Blog Fight Club
The first rule of Blog Fight Club is know who you're fighting with.
It seems that Kevin O'Keefe, the president and founder of LexBlog, doesn't have much respect for a lawyer who thinks blawg is a really good name for a law blog. And he certainly doesn't know how to deal with an anonymous lawyer. That's a shame, really.
As some of my Blawg Review collaborators know already, I plan to launch another law blog this year. Like my other blog projects, it's not the plan to use my own name in connection with the new project. It's just not about me, and neither is Blawg Review.
It isn't helpful to any of the various unrelated blog projects I'm involved with to have their individual purposes confused by announcing that all these distinctive blogs have the same editor with different pseudonyms. That would foreclose any future opportunity, however remote, to go public with respect to one or another without compromising the anonymity of the others. I like working on a number of blogs with different bloggers, including lawyers, sharing various special interests.

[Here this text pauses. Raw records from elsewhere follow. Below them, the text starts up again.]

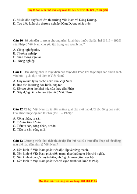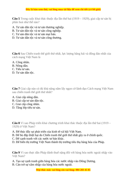 Câu 5 Trong cuộc khai thác thuộc địa lần thứ hai (1919 – 1929), giai cấp tư sản bị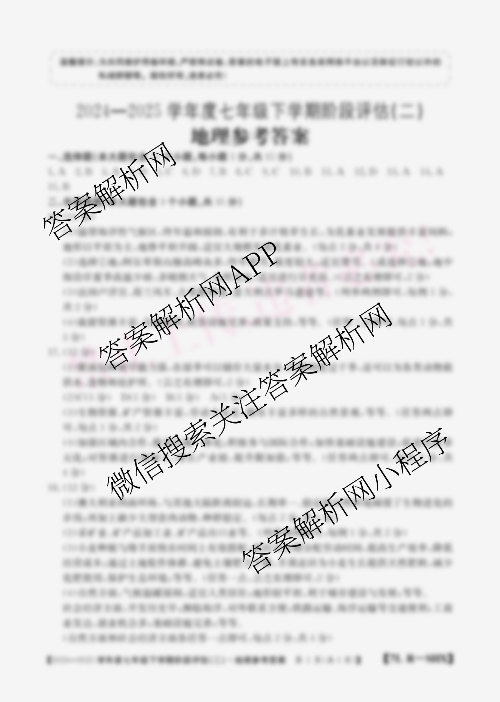 - 2024-2025山西省学年度(七年级)下学期阶段评估(二)[7L-SHX]地理(JJB)答案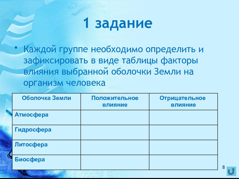 Каждой группе необходимо определить и зафиксировать в виде таблицы факторы влияния выбранной оболочки Земли на организм человека Оболочка Земли Положительное влияние Отрицательное влияние Атмосфера Гидросфера Литосфера Биосфера 8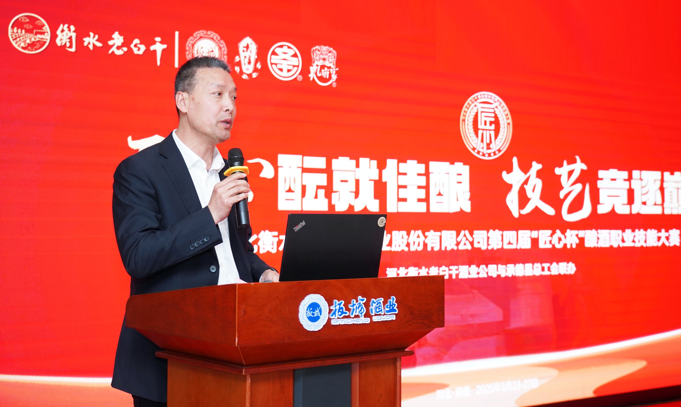 衡水老白干酒業公司副董事長張煜行進行總結講話。張煜行副董事長講到,本屆技能競賽是全體釀酒人通過備賽、參賽、觀賽,激發了廣大職工主動學習技術、持續提升技能的內生動力,促進了多種香型工藝的對比、交流、融合,為技能人才提供了展示技藝的舞臺,為企業發展壯大了技術骨干力量。自首屆“匠心杯”釀酒技能大賽舉辦以來,通過連續四屆的堅持與創新,這一系列賽事不僅搭建了技藝切磋的平臺,更在多個方面取得了顯著成效:一是釀酒技藝更加精湛;二是工藝管理更加成熟;三是基酒質量明顯提高;四是團隊凝聚力更加提升;五是技術交流更加充分。

As an admirer of some of the blogs designed by LexBlog, I wasn't at all surprised when one of Kevin O'Keefe's clients was recognized in the recent Blawg Review Awards, earning the Law Firm Blogs Award for coordinating four diverse practice specialty blogs.
In fact, for my next blog project I planned to approach Kevin about working on the web design and hosting the new law blog. Of course, I wouldn't approach him about the new project as the Editor of Blawg Review, but anonymously nonetheless. I wasn't quite sure how he might react to the prospect of working on a blog project with an anonymous client.
We hadn't ever met, but Kevin did seem genuinely pleased when his client's blogs received special recognition in the Blawg Review Awards, and he expressed his pleasure by blogging about it on LexBlog, and so did his client on theirs. It was a link love fest.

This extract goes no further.